### INFORMATION GIVEN
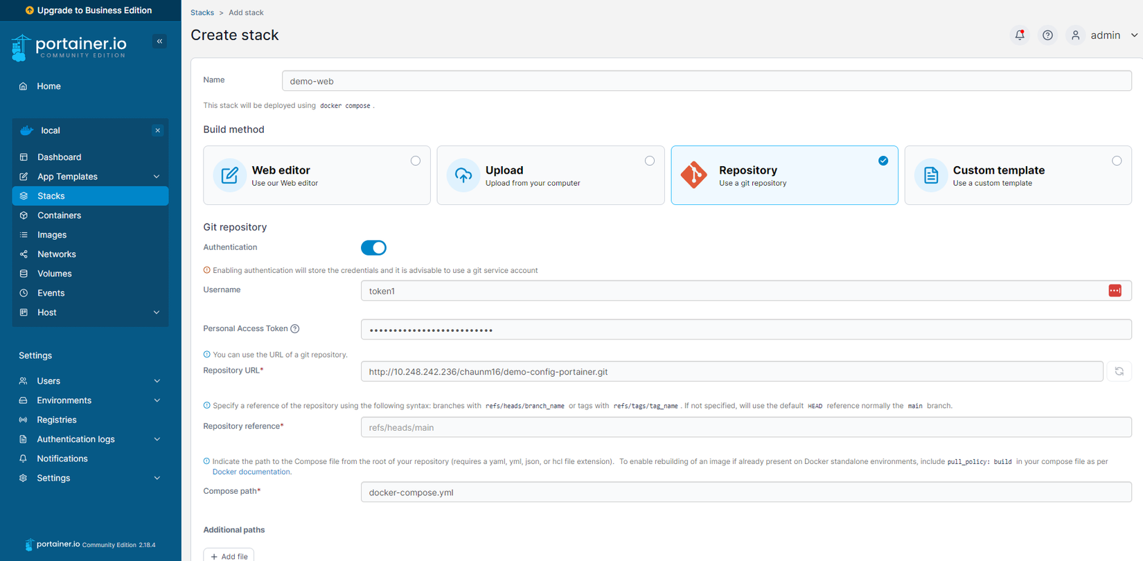 - Nếu mã SHA commit gần nhất không trùng với mã SHA của stack, portainer sẽ kích hoạt re-deploy lại ứng dụng qua compose path:
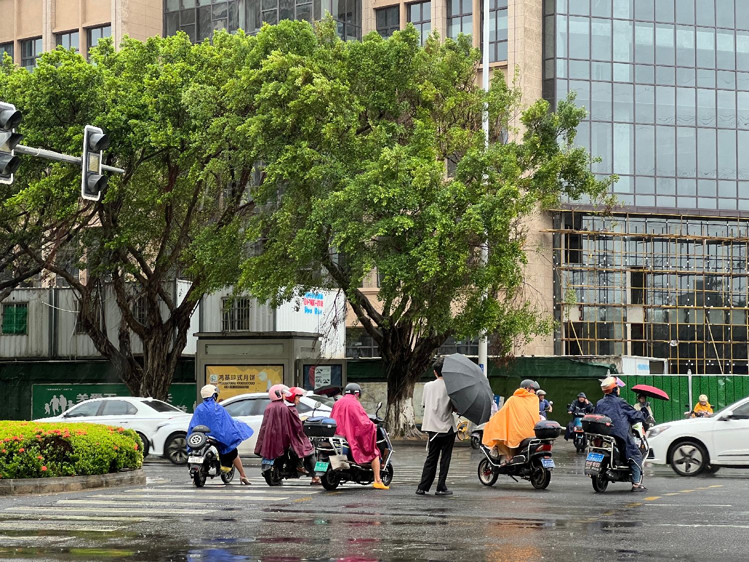 19日,今年第15号台风“苏力”生成,海南岛迎风雨天气,海口市民在雨中出行。中新社
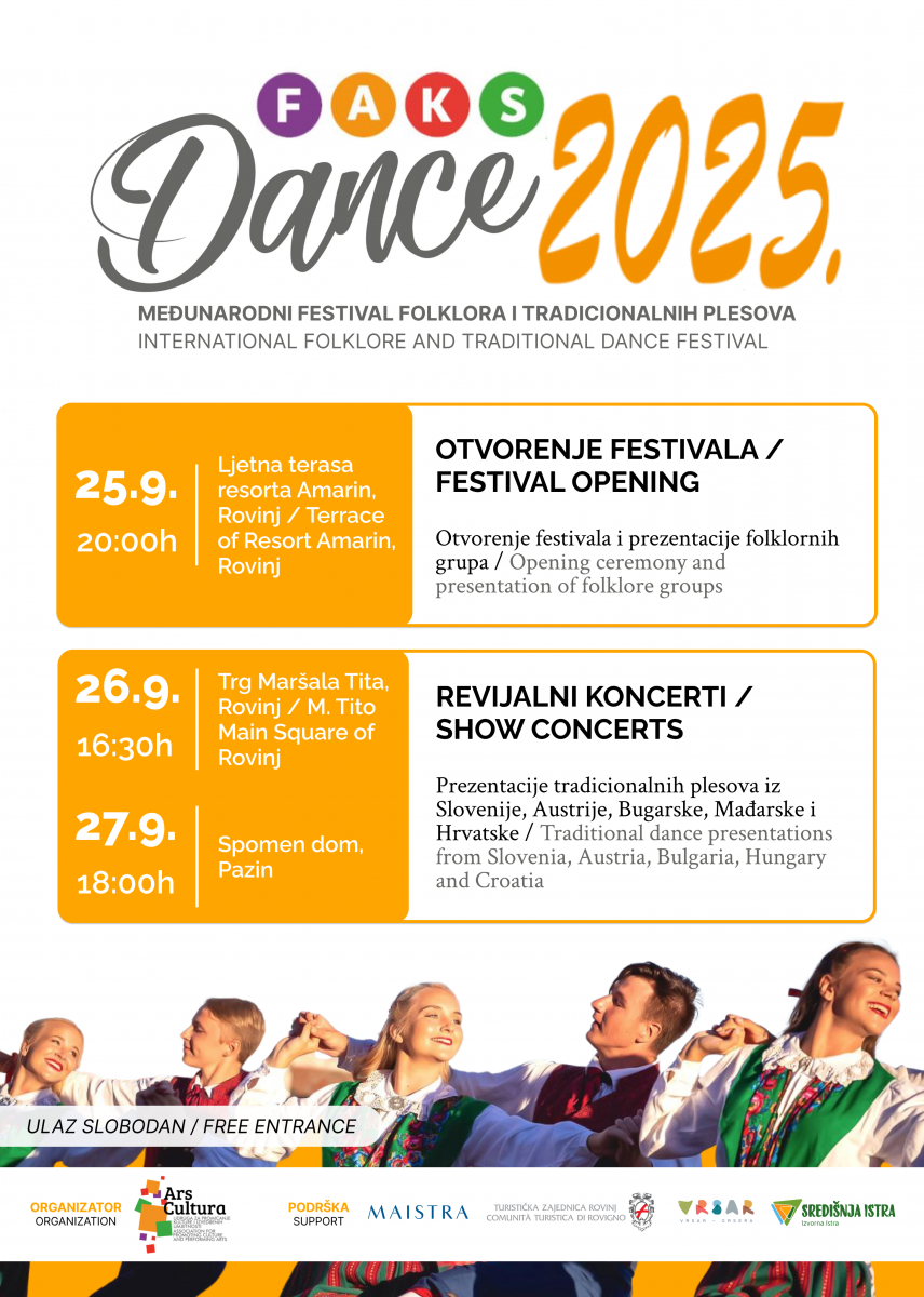 Zadovoljstvo nam je pozvati u Rovinj na FAKS Dance - Međunarodnog festivala folklora i tradicijskih plesova od 25.-28.09.2025.
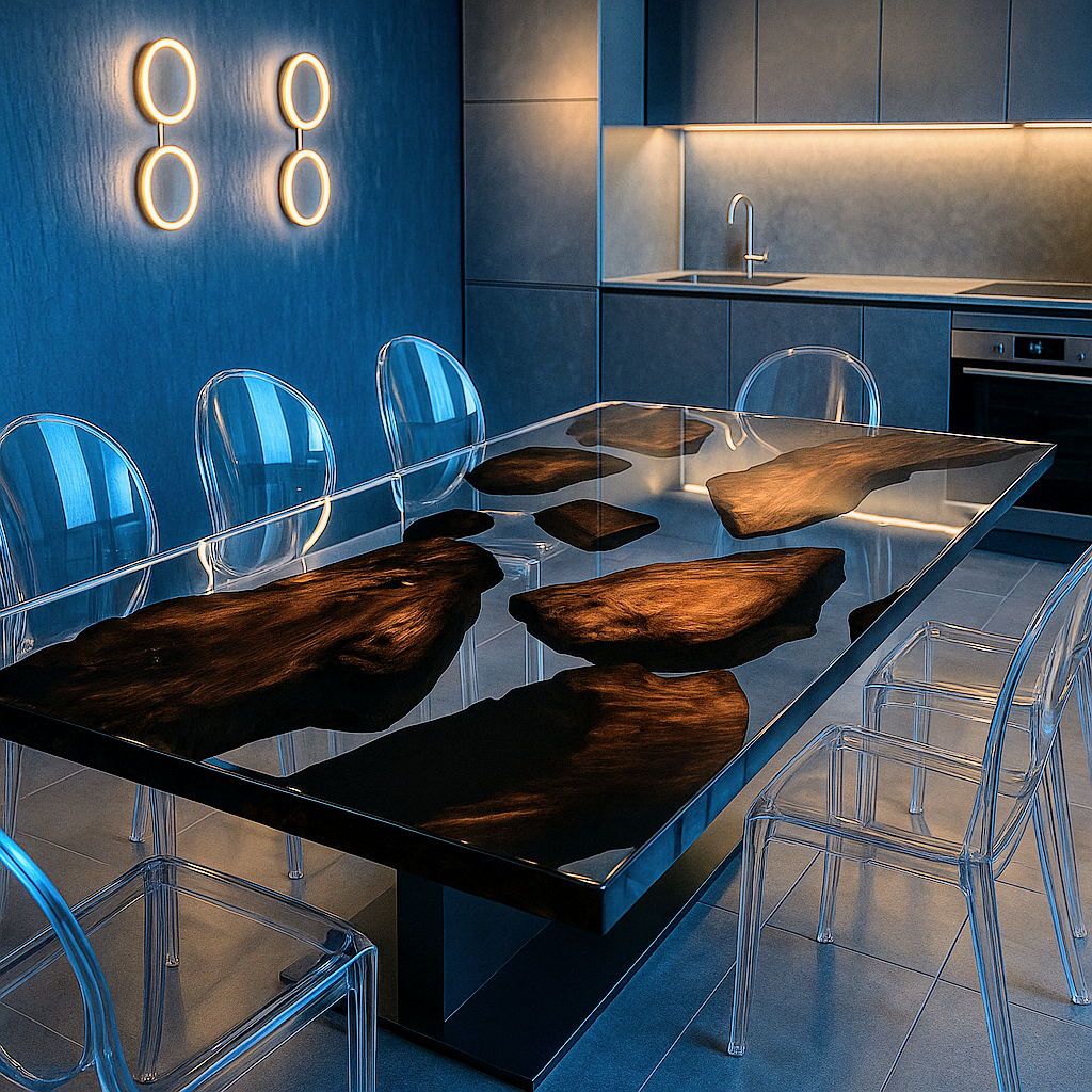 Com blocos de madeira natural imersos em resina transparente, ela transforma qualquer ambiente em uma verdadeira galeria de design contemporâneo.
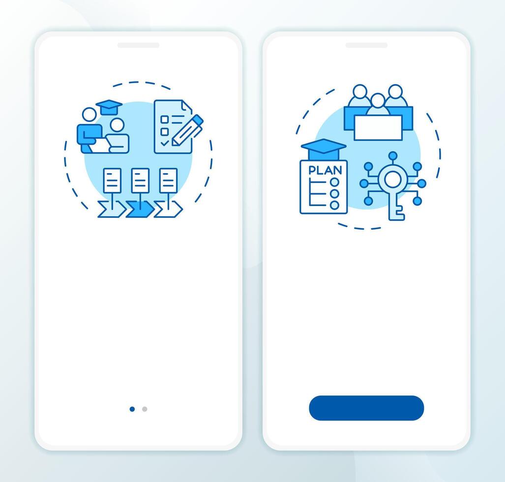 IEP vs 504 plan blue onboarding mobile app screen. Education walkthrough 2 steps editable graphic instructions with linear concepts. UI, UX, GUI template Pro Vector
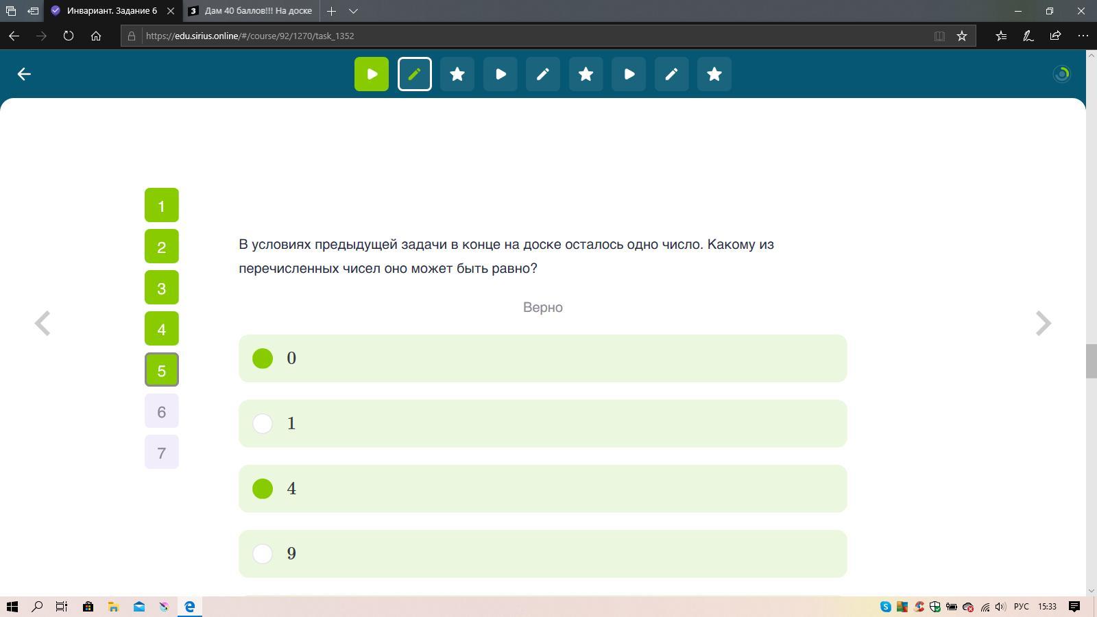 Ответ: 0 и 4 100% тоже сириус решаю
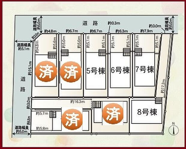 ■人感センサーの玄関灯やカメラなど充実の防犯対策設備です! ■各棟2台の駐車場・5m幅の前道路で出入りもスムーズにできます ■嬉しい仕様・設備がたくさん! 省エネ基準の設備、TVモニター付きインターホン、広々LDK、浴室暖房乾燥機、使い勝手の良いシステムキッチン etc. ■安心・安全のおすみつき! 「設計」「建設」の【住宅性能評価】において耐震・劣化他 4分野で最高等級を全棟取得しています。 住宅ローンや地震保険の優遇も受けられます!
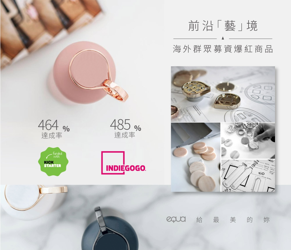 來自斯落維尼亞的 EQUA 過去就以創造美型水壺、注重環保出名,今年團隊推出了一款「EQUA 極簡奢華保溫瓶」,在兩大國際群眾集資平台 Kickstartet 與 Indiegogo 分別成功募集到 464%、485% 達成率!

### WORK TASK
Write out exactly, and nothing more than, the lines of the entries above from the line containing "etc. ■安心・安全のおすみつき! 「設計」「建設」の【住宅性能評価】において耐震・劣化他" through the final line; omit any pictures.

### ANSWER SECTION
 ■人感センサーの玄関灯やカメラなど充実の防犯対策設備です! ■各棟2台の駐車場・5m幅の前道路で出入りもスムーズにできます ■嬉しい仕様・設備がたくさん! 省エネ基準の設備、TVモニター付きインターホン、広々LDK、浴室暖房乾燥機、使い勝手の良いシステムキッチン etc. ■安心・安全のおすみつき! 「設計」「建設」の【住宅性能評価】において耐震・劣化他 4分野で最高等級を全棟取得しています。 住宅ローンや地震保険の優遇も受けられます!
 來自斯落維尼亞的 EQUA 過去就以創造美型水壺、注重環保出名,今年團隊推出了一款「EQUA 極簡奢華保溫瓶」,在兩大國際群眾集資平台 Kickstartet 與 Indiegogo 分別成功募集到 464%、485% 達成率!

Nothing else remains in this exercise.